§ **Task goal**:
In the listing that follows, give every line again exactly and omit the pictures.

§ **Data below**:

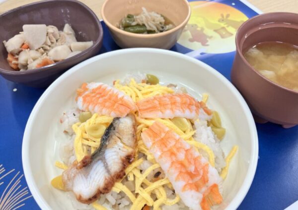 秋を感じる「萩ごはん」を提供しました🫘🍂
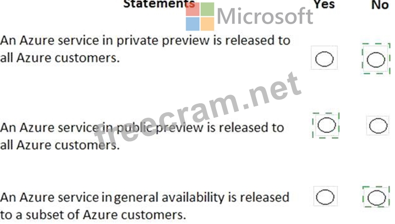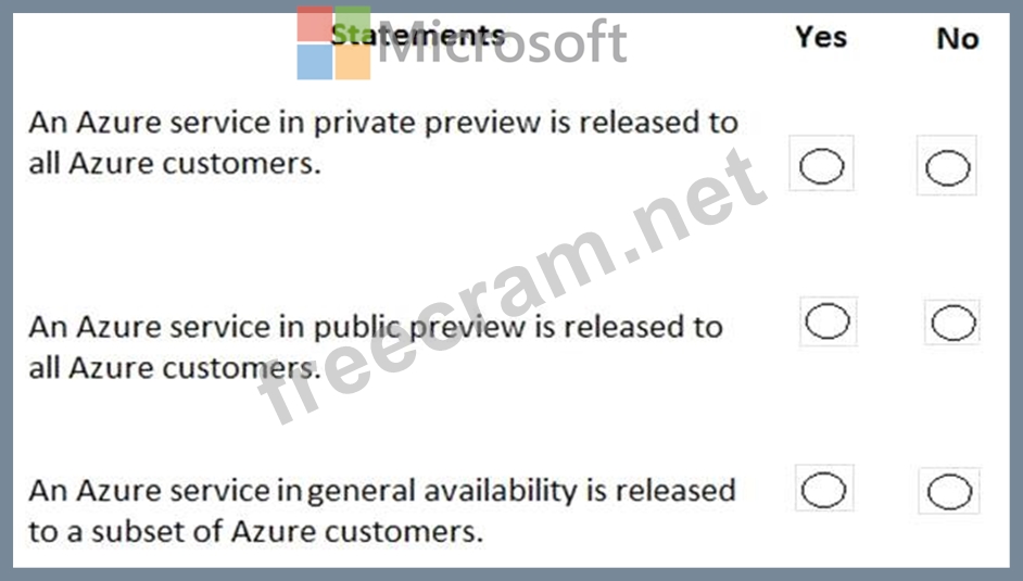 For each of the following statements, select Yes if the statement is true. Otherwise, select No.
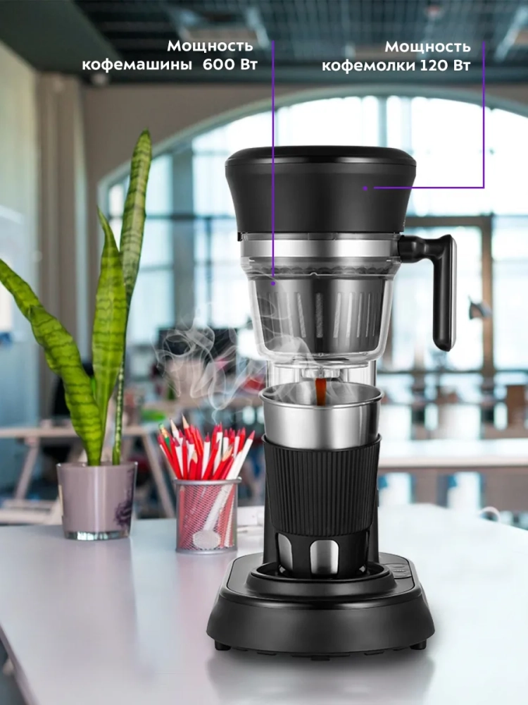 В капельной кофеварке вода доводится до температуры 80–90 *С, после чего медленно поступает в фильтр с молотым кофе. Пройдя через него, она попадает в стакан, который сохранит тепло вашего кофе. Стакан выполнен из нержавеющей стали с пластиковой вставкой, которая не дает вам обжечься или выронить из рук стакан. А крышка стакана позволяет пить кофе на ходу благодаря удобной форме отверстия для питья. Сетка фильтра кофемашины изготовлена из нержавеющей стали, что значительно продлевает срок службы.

§ **Task output**:
 秋を感じる「萩ごはん」を提供しました🫘🍂
 For each of the following statements, select Yes if the statement is true. Otherwise, select No.
 В капельной кофеварке вода доводится до температуры 80–90 *С, после чего медленно поступает в фильтр с молотым кофе. Пройдя через него, она попадает в стакан, который сохранит тепло вашего кофе. Стакан выполнен из нержавеющей стали с пластиковой вставкой, которая не дает вам обжечься или выронить из рук стакан. А крышка стакана позволяет пить кофе на ходу благодаря удобной форме отверстия для питья. Сетка фильтра кофемашины изготовлена из нержавеющей стали, что значительно продлевает срок службы.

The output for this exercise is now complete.